CGI araştırması aynı zamanda veri koruma konusunda anlayış eksikliğini de ortaya çıkardı; Metropolitan bölgesi manifestolarının yalnızca yarısı veri egemenliğine değiniyordu
McGeehan, “Bu, üzerinde kafa yormanız ve gerçekten düşünmeniz zor bir konu” dedi. “Bu, verilerinizin nerede yaşadığıyla ve verilerinizin kıyıdan dışarı çıkmasına izin vermemekle ilgili çünkü potansiyel olarak başka yerlerde kötüye kullanılabilir. Konu siber güvenlik ve mülkünüzün korunmasıyla ilgili ve bu soyut bir konu.”
Dijital yoksulluk
Hizmetlerini dijitalleştiren bankalar gibi, yerel yönetim de müşterilerini, yani vatandaşlarını yanlarında getirme konusunda zorluklarla karşı karşıya. McGeehan, belediye başkanlarının dijital projeleri uygulamak için gerekli becerilere sahip olmasını sağlamak ve aynı zamanda toplumun yeni dijital hizmetleri kullanma becerilerine sahip olmasını sağlamak gibi ikili bir zorluk bulunduğunu söyledi.

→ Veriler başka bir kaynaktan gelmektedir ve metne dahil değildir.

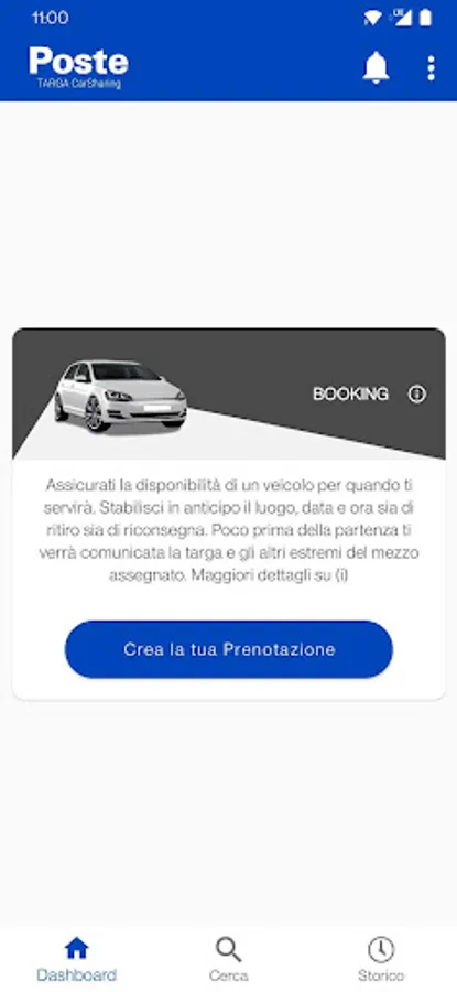 The app is a tool for Poste Italiane drivers to use shared cars easily and efficiently.

“Örneğin, tren istasyonundaki yerel otoparkımda, yalnızca uygulamanız varsa ve bilet ayırtabiliyorsanız oraya park edebilirsiniz” dedi. “Bu aslında bu tür bir teknolojiyi gerçekten anlamayan birçok yaşlı insanı hariç tutuyor.”
Bankalar yaşlı insanları çevrimiçi bankacılık ve mobil platformlarına getirme zorluğuyla karşı karşıya kaldı. İnsanları çevrimiçi olmaya zorlayan Kovid-19 salgınına kadar, eski nesiller arasında mobil bankacılığın yaygınlaşması gerçek anlamda yükselişe geçmedi.